Concept: de Broglie wavelength: $\lambda = \dfrac{h}{p} = \dfrac{h}{mv}$

(a) Bullet:
- $m = 0.040\,\mathrm{kg}$, $v = 1.0\,\mathrm{km/s} = 1.0 \times 10^3\,\mathrm{m/s}$
$$p = mv = 0.040 \times 1.0 \times 10^3 = 40\,\mathrm{kg\,m/s}$$
$$\lambda = \frac{h}{p} = \frac{6.63 \times 10^{-34}}{40}$$
$$\boxed{\lambda = 1.66 \times 10^{-35}\,\mathrm{m}}$$

(b) Ball:
- $m = 0.060\,\mathrm{kg}$, $v = 1.0\,\mathrm{m/s}$
$$p = mv = 0.060 \times 1.0 = 0.060\,\mathrm{kg\,m/s}$$
$$\lambda = \frac{6.63 \times 10^{-34}}{0.060}$$
$$\boxed{\lambda = 1.105 \times 10^{-32}\,\mathrm{m} \approx 1.1 \times 10^{-32}\,\mathrm{m}}$$

(c) Dust particle:
- $m = 1.0 \times 10^{-9}\,\mathrm{kg}$, $v = 2.2\,\mathrm{m/s}$
$$p = mv = 1.0 \times 10^{-9} \times 2.2 = 2.2 \times 10^{-9}\,\mathrm{kg\,m/s}$$
$$\lambda = \frac{6.63 \times 10^{-34}}{2.2 \times 10^{-9}}$$
$$\boxed{\lambda = 3.01 \times 10^{-25}\,\mathrm{m} \approx 3.0 \times 10^{-25}\,\mathrm{m}}$$

In all three cases, the de Broglie wavelengths are extremely small and far beyond experimental measurement, which is why macroscopic objects do not exhibit wave-like properties.

To Show: $\lambda_{\text{EM}} = \lambda_{\text{de Broglie}}$ for a photon.

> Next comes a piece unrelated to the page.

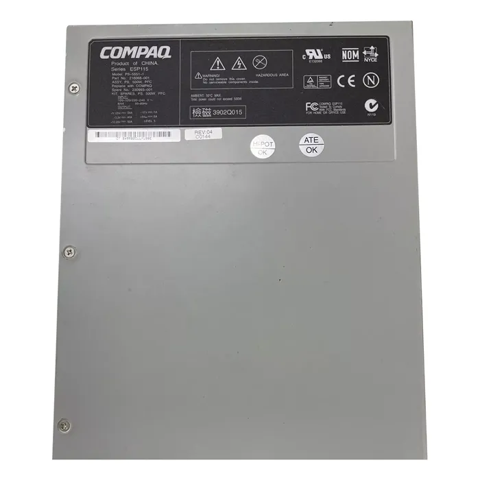 HP 230993-001 | 500-Watts 110-115V AC Hot-Pluggable Redundant Power Supply for ProLiant ML370 Gen2 Gen3 Server
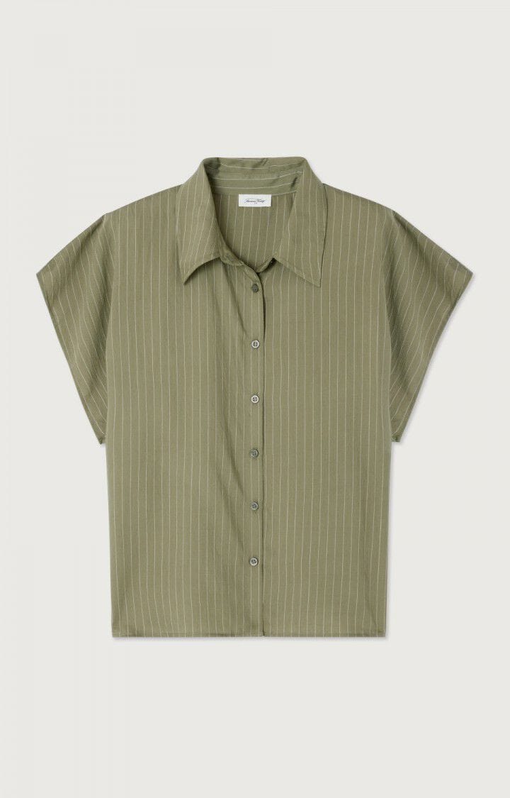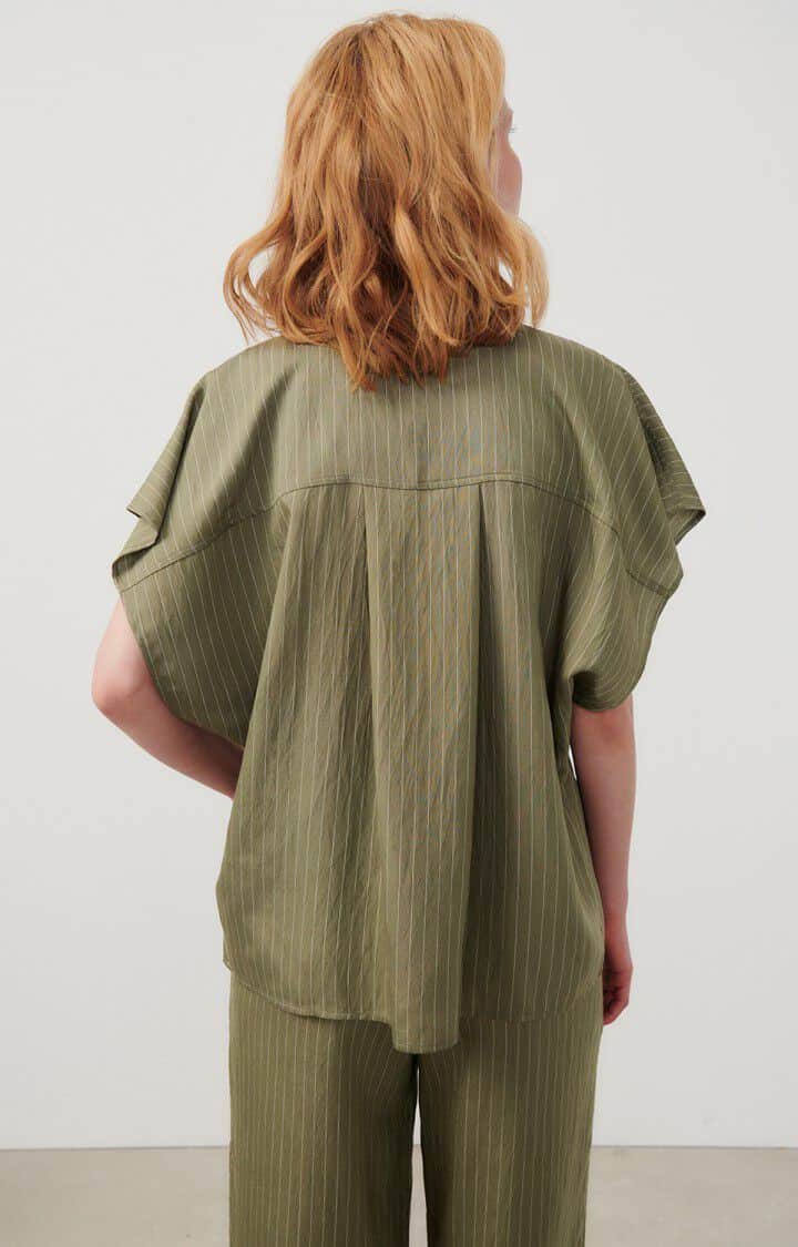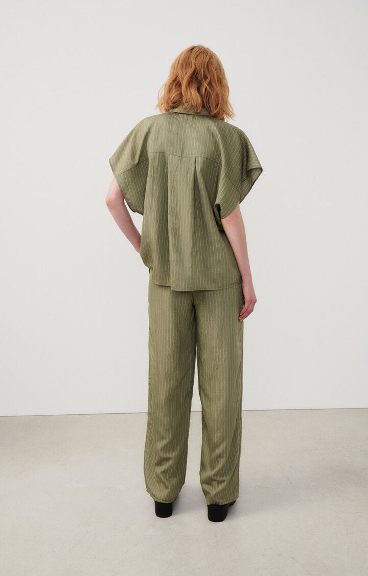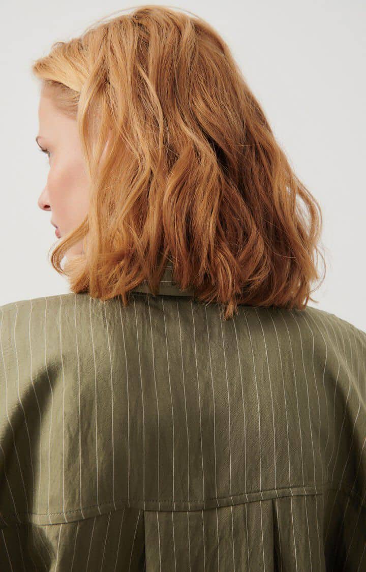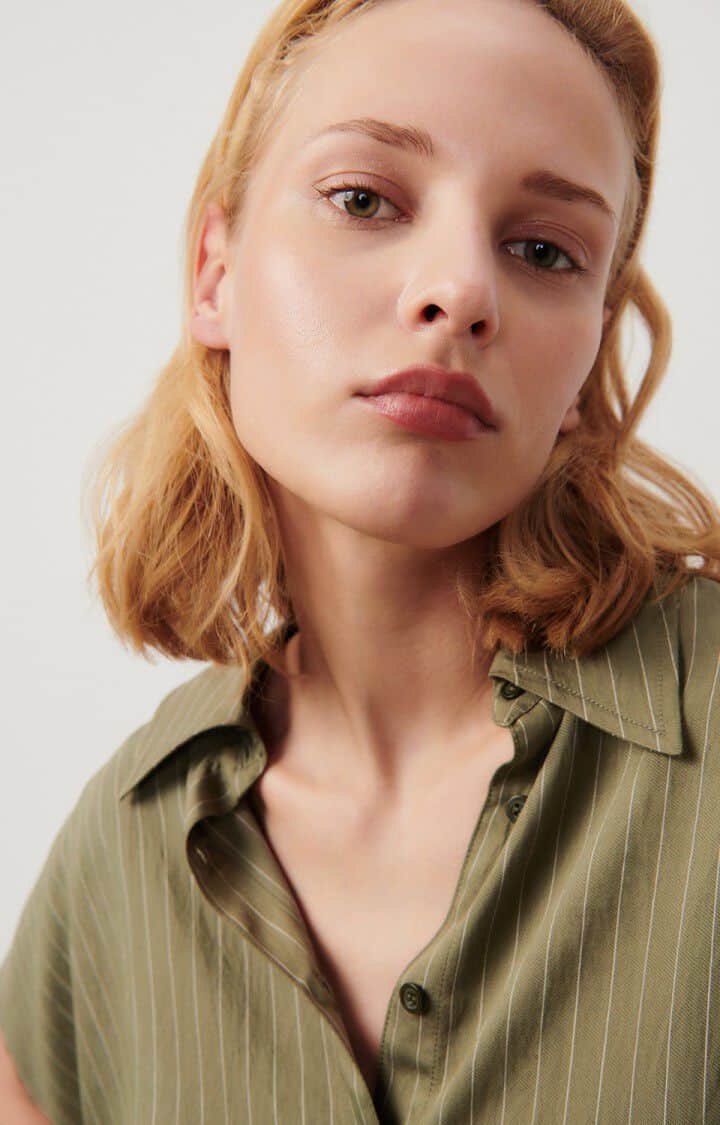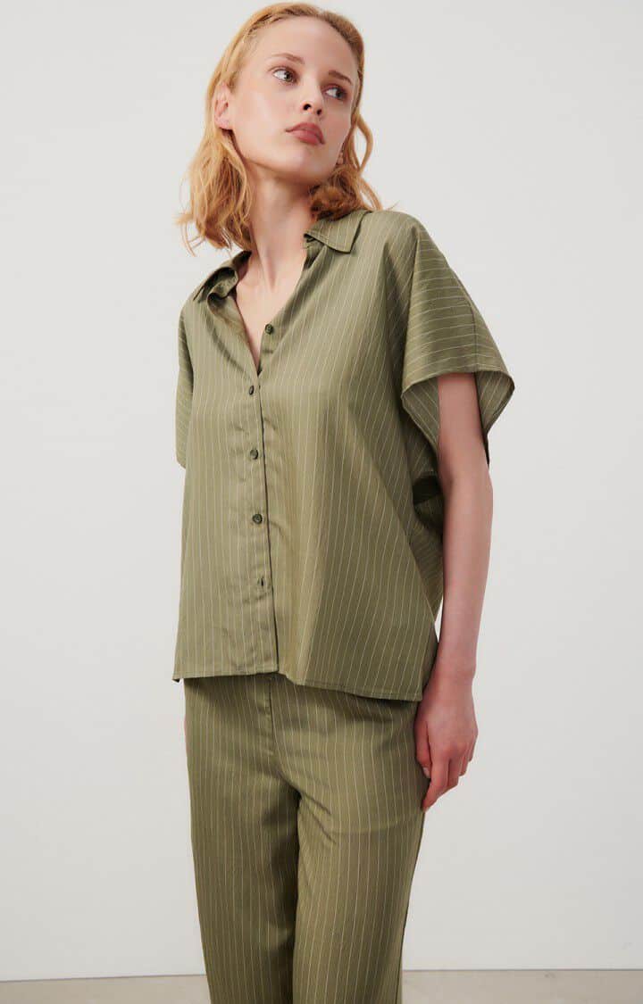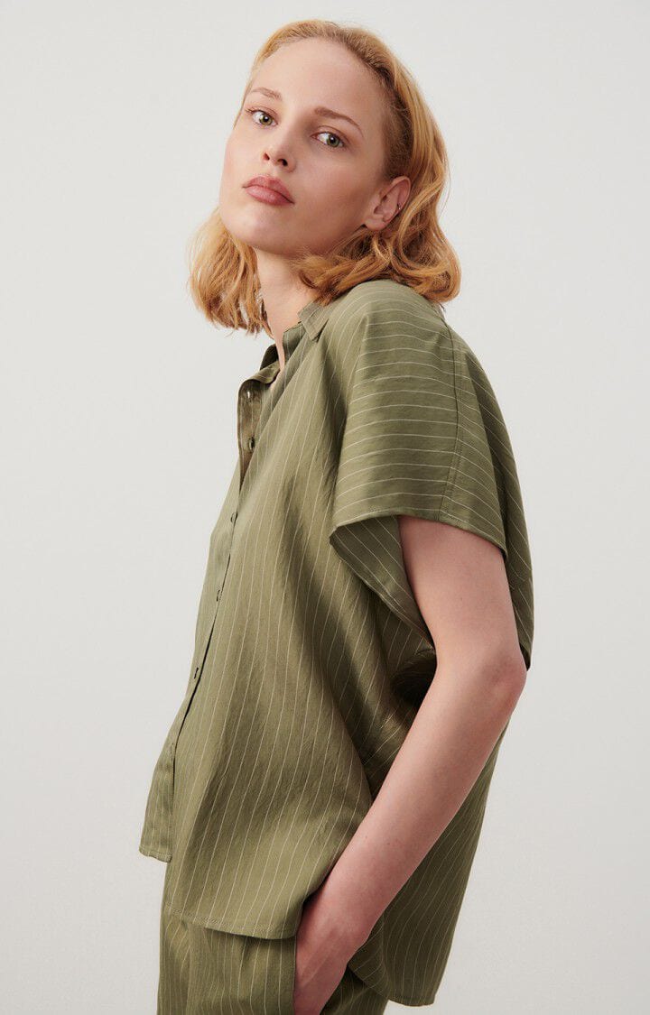 The American Vintage Okyrow shirt in olive stripes is a stylish short sleeve shirt. The shirt has cream stripes on an olive background and can be worn open or fastened depending on the look that you want to achieve. Style with the coordinating American Vintage Okyrow Trousers Olive Stripes and sandals for an effortlessly stylish look.

For electromagnetic radiation:
The wavelength of electromagnetic radiation is $\lambda$, and the energy of a photon is:
$$E = h\nu = \frac{hc}{\lambda}$$

Momentum of a photon:
From Einstein's mass-energy relation and the fact that a photon has zero rest mass, the momentum of a photon is:
$$p = \frac{E}{c} = \frac{h\nu}{c} = \frac{h}{\lambda}$$

de Broglie wavelength of the photon:
Using de Broglie's relation $\lambda_{\text{dB}} = \dfrac{h}{p}$:
$$\lambda_{\text{dB}} = \frac{h}{p} = \frac{h}{h/\lambda} = \lambda$$

Conclusion:
$$\boxed{\lambda_{\text{dB}} = \lambda}$$

Thus, the de Broglie wavelength of a photon is equal to the wavelength of the corresponding electromagnetic radiation. This result shows the inherent consistency between the wave and particle descriptions of electromagnetic radiation.